Space(15)

Taking a deep breath, working to disperse the ache and the image of Abram, I brought Poe back into focus. His smile had turned wry and he shook his head, a faint movement. We never spoke about it, about how I wasn’t over a guy who I’d known for a blink of an eye, but I was almost certain my friend knew what—or who—I’d been remembering just now.

Poe, his smile slowly giving way to a thoughtful frown, reached forward and picked up the snow globe on my desk, shaking it. “Don’t worry, I covered for you at the reception. I told everyone you had a flight and couldn’t stay.”

I knew he’d cover for me. We always covered for each other, which was why I’d left the reception. When I returned from my memorable one-week trip to Chicago, Poe Payton had been the shoulder I’d cried on the one night I’d allowed myself to cry.

It happened two weeks before the fall semester. I’d been nineteen and drunk at a grad school mixer. He’d told everyone I was on flu meds. I’d bawled in his car, telling him the entire story on the drive back to my condo between self-recriminating sobs and rants. He stayed over, spending the night on the couch. He also made me breakfast in the morning, told me a story about his oldest sister’s disastrous love life that made me feel better about mine, and then we went for a silent, oddly cathartic walk on the beach.

I shoved the ghost of Abram from my brain and allowed myself to be distracted by the floating bits of white swirling around the snow globe Poe had just given another shake.

“Are you sure you don’t want to go with us? To the cabin?” I asked, hoping he would change his mind. “It’s not too late to get you a ticket.”
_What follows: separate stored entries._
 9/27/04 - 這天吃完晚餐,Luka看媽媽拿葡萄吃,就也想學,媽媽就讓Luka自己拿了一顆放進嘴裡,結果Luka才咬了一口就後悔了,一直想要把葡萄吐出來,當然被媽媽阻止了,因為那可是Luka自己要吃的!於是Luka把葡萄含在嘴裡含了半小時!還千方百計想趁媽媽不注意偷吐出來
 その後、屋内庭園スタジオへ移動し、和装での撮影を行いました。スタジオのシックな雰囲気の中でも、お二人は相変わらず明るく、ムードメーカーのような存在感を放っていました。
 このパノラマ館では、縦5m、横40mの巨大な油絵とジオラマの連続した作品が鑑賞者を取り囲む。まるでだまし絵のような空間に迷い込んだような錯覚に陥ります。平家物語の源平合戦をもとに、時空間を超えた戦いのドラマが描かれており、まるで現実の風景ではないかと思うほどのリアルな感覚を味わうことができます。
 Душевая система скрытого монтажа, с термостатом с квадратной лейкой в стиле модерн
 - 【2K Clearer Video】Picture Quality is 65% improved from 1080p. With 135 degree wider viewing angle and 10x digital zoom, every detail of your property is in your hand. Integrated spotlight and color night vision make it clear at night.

“Nah,” he said, bringing my attention back to his face. “Who wants to spend a week surrounded by snow, skiing in Aspen when one could be here, surrounded by ocean and sunshine, surfing in Southern California?”

I made a face. He’d tried to give me a surfing lesson once and it hadn’t gone well.
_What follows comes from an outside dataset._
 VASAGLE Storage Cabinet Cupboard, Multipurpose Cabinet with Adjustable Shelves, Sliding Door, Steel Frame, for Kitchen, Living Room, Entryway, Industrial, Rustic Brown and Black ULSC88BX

“You know I don’t ski. Or surf,” I added quickly, just in case he offered to teach me again. “And the allure of being surrounded by snow has more to do with the beverages and hermit life than the activities.”

“The beverages?”

I began ticking off my fingers. “Hot cider. Hot chocolate. Hot, mulled wine. Hot—”

“I get it. You like it hot.”

“Yes. But only in the snow.” I didn’t mention that the other main attraction was the snow itself.
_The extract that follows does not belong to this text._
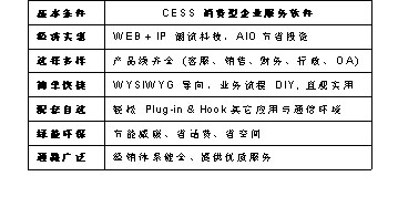 CESS消費型服務(wù)軟件具有經(jīng)濟實惠、選擇多樣、簡單快捷、配套自選、綠能環(huán)通路廣泛等特點,采用Web+IP的潮流科技,AIO節(jié)省投資,使軟件經(jīng)濟實惠;CESS軟件產(chǎn)品線齊全,涵蓋客服、銷售、財務(wù)、行政、OA等很多方面,給您多樣選擇;WYSIWYG(所見即所得)導(dǎo)向,業(yè)務(wù)流程DIY,讓您至需要動動鼠標就可以DIY您想要得到的設(shè)計,不再需要麻煩IT人員,只管實用,簡單快捷;輕松Plug-in & Hook其它應(yīng)用與通信環(huán)境,可根據(jù)您的需要配套自選;節(jié)能減碳、省話費、省空間,綠色環(huán)保;經(jīng)銷體系健全、提供優(yōu)質(zhì)服務(wù),通路廣泛。
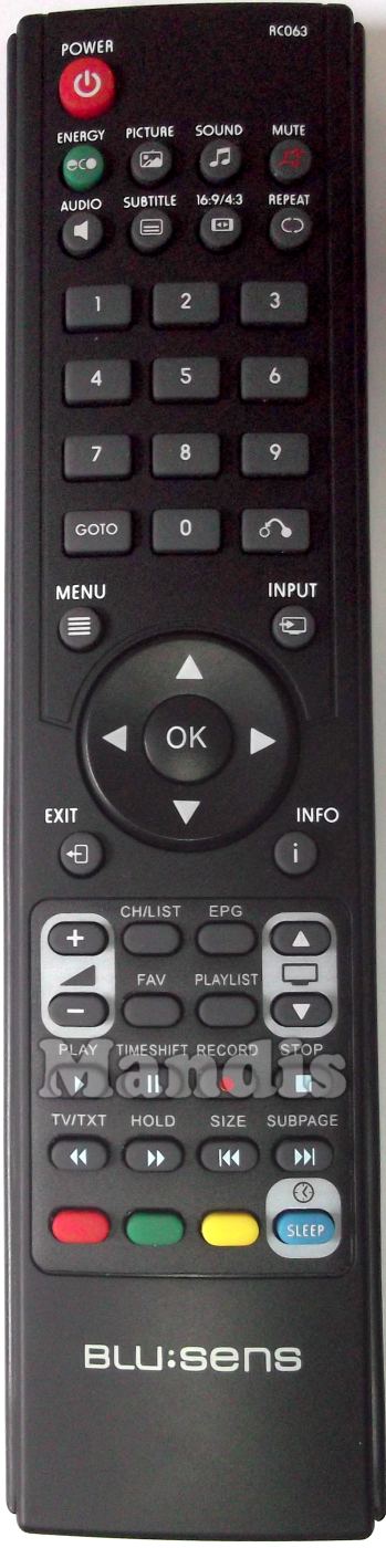 Comandament a distància original RC063 que serveix per televisors de la marca Blusens. Es tracta d'un model original de comandament a distància.

Hushed, gently falling snow was the closest I would get to the quiet of space without visiting a sensory deprivation chamber. I’d tried that once and had something like a panic attack after two minutes. The walls had been too close, claustrophobic. It had felt oppressive, suffocating.

But I’d grown a bit preoccupied with the concept of complete silence, a recent occurrence after testifying before Congress on climate change last summer. There’d been subsequent interviews on cable news outlets during the fall and everyone had been so loud. Why did reporters shout on TV? Didn’t they know viewers could turn the volume up if needed?

Stressful.

Summary: The quiet isolation of the mountains, cut off from the world by distance and snow, felt like the only place I could draw a complete breath these days. Whenever I had free time, I went to Aspen.

“So noted.” Poe reached forward again, arranging the snow globe on the desk so that the front of the little model cabin within faced me. “Does the cabin actually look like this?”

“Not exactly.” My attention flickered to the rustic little log structure encased in water and glass, a memento I’d picked up on my previous return trip from Aspen. “And I don’t think ‘cabin’ is really the right word for it. It’s more like a—”

“Mansion?” he asked dryly, making me smile.